А я в эти времена несколько раз видел глаза моего друга — и ловил в них странную, холодную пустоту.

Отчужденность, или, как ныне принято говорить элегантно, некоммуникабельность.

Те, кто знал Германа, знали, как этот термин и по сути и по звучанию ему неприятен — не только потому, что терпеть не мог Юрий Павлович модной, изысканной терминологии, но и потому главным образом, что ничто так не было противопоказано талантливой и щедрой натуре его, как именно некоммуникабельность.

И жизнь человеческая влечет художника — не парадная, а именно будничная, черновая, и не только жизнь сама по себе, но и ее чепуха, мелочи, он удивительно неотразимо, по-снайперски засекает в человеке то, что его украшает, и то, что чернит, всегда идя от частного к общему, а не наоборот, замечает, как кто ест, кто как разговаривает, кто как хвастает, придумывает и гиперболизирует хорошее в человеке, если этот человек ему по сердцу, и придумывает и гиперболизирует плохое, если человек ему «поперек»…

В том же последнем письме Ашхен Оганян, то есть Юрия Германа, есть строчки:

«Милый Володя! Я видела разных людей, и в том числе женщин, которые не хотели связывать себя. Боже мой, какие в старости это были несчастные, жалкие вдовицы. Как они холили и лелеяли себя; как относились к себе, к своему никому не нужному здоровью, как истово, почти свершая религиозные таинства, они кормили себя то сладеньким, то кисленьким… Как они одевали свои увядшие тела, как сосредоточивались на глупостях и пустяках, недостойных человека, как произносили слова «уютненько», «вкусненько», «тепленько», «сладенько»…

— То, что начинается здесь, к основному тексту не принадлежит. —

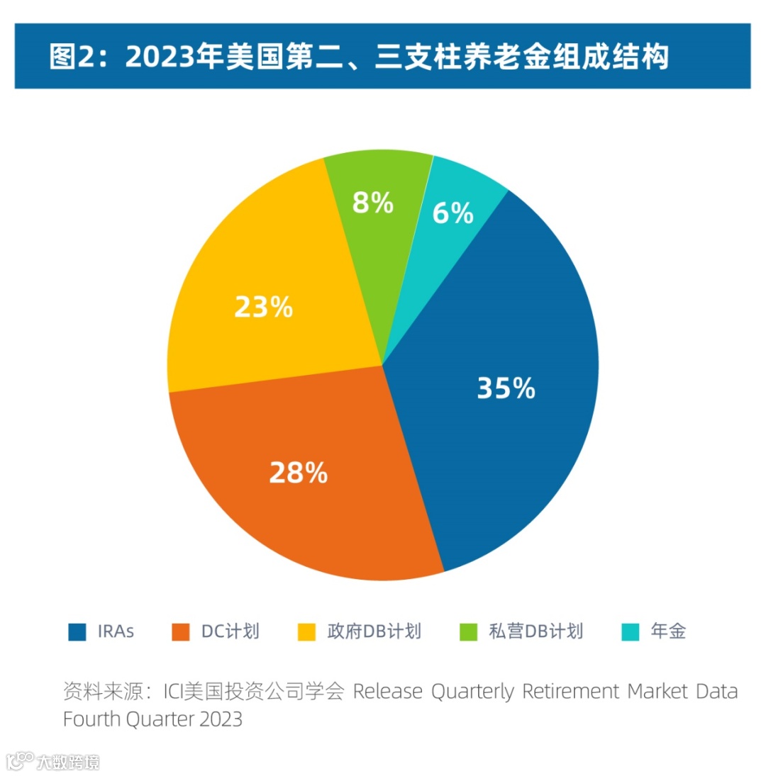 据ICI美国投资公司学会数据,DC及IRAs在美国整个养老金规模占比由2000年的48.3%,提升至2023年底的63.2%。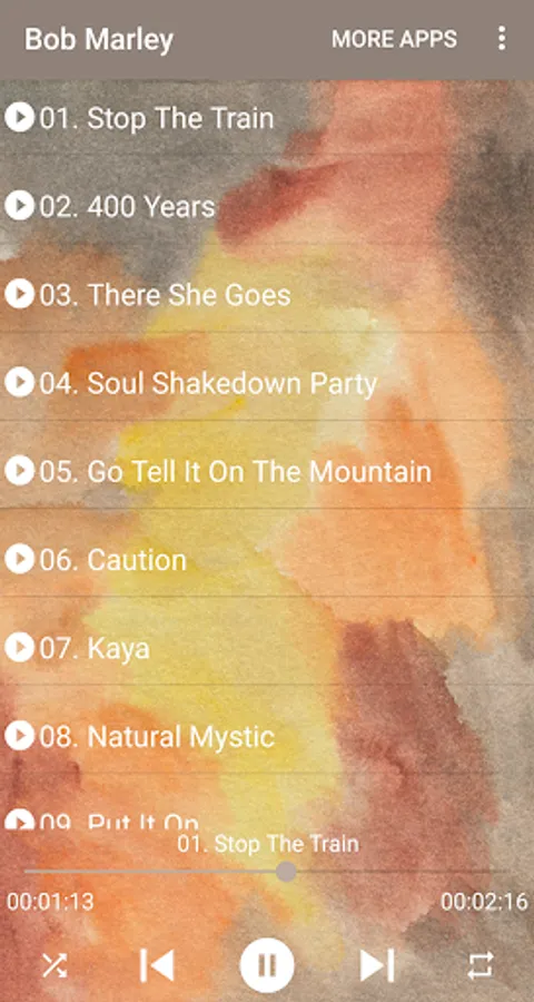 - Stop The Train - 400 Years - There She Goes - Soul Shakedown Party - Go Tell It On The Mountain - Caution - Kaya - Natural Mystic - Put It On - Rainbow Country - How Many Times - Keep On Moving - Small Ax - Corner Stone - Lively Up Yourself- Soon Come- African Herbsman- Mr. Brown - Memphis - You Can't Do That To Me - Riding High - Stand Alone - Sun Is Shining - My Cup - Trench Town Rock - All In One - Mellow Moods - Treat You Right - No Sympathy - Touch Me - Reaction - No Water– Can't You See– Try Me– Cheer Up– Brain Washing– Soul Rebel– Don’ T Rock My Boat– Fussin’ & Fighting’– Soul Almighty– Back Out– Hammer– It’s Alright– Duppy Conqueror– Soul Captives– Rebel's Hop– Do It Twice– Chance Are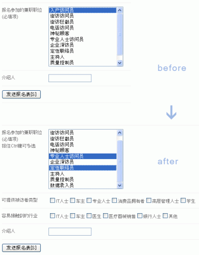<label class="title">报名参加的兼职职位(必填项)<br/>按住Ctrl键可多选</label>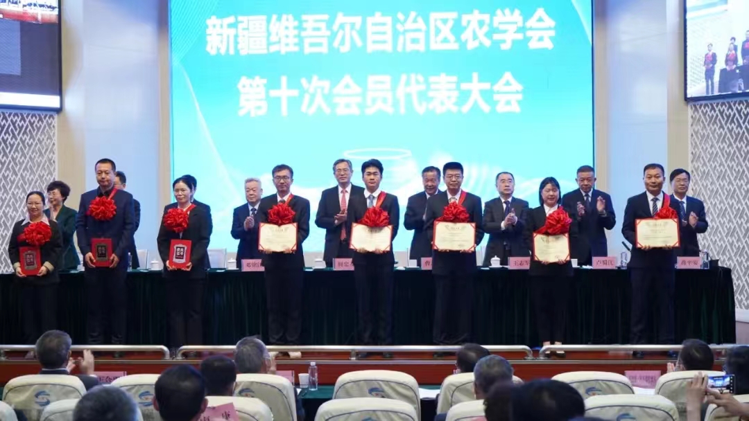 曹志文傳達了自治區黨委書記馬興瑞重要批示,王志軍宣讀了《關于同意新疆維吾爾自治區農學會換屆的批復》,高培香宣讀了《關于成立農科學會聯合體的倡議》。與會領導為新疆農學會優秀論文獲獎者頒發了證書。

А тут — пустота в глазах, холод.

Герман дважды ездил во Францию. Во второй раз привозит огромный мешок, набитый дорогими лекарствами. Не себе — Леониду Лукову, режиссеру, тогдашнему очередному увлечению. Луков снимает по сценарию Юрия Павловича фильм «Верьте мне, люди». Луков ему «пришелся», стало быть, лучше Лукова на планете создания нет.

Это время, когда, казалось бы, в тучах засинела узкая полоска надежды.

Казалось бы, наступил железный перелом в болезни.

На языке врачей это называется красиво — ремиссия.

И Юрий Павлович с наслаждением повторяет это слово, как когда-то «те-рен-кур»: «Ре-мис-сия, ре-мис-сия».

Близкие счастливы. Он, по видимости, тоже. А может, делает вид?

Во всяком случае, пишет мне в этот, казалось бы, обнадеживающий период, по обыкновению высмеивая и свою хворь и ее лечение:

«…А доктора, тудыть их в качель, ничего не петрят в лечении этой лучевой болезни. И петрить не желают. Кроме сибирского масла «облепиха», никому ничего не известно в этой области знания… Сейчас полегче. Гремит еще в ушах, и спиртное не лезет в глотку. Дожил до того, что Таня и дети уговаривают: — У-пу-пупсик, выпей рюмашку — за мамочку, за Лешечку… У-у-пупсик, хоть бы надрался, как свинья… А я сижу и кочевряжусь…»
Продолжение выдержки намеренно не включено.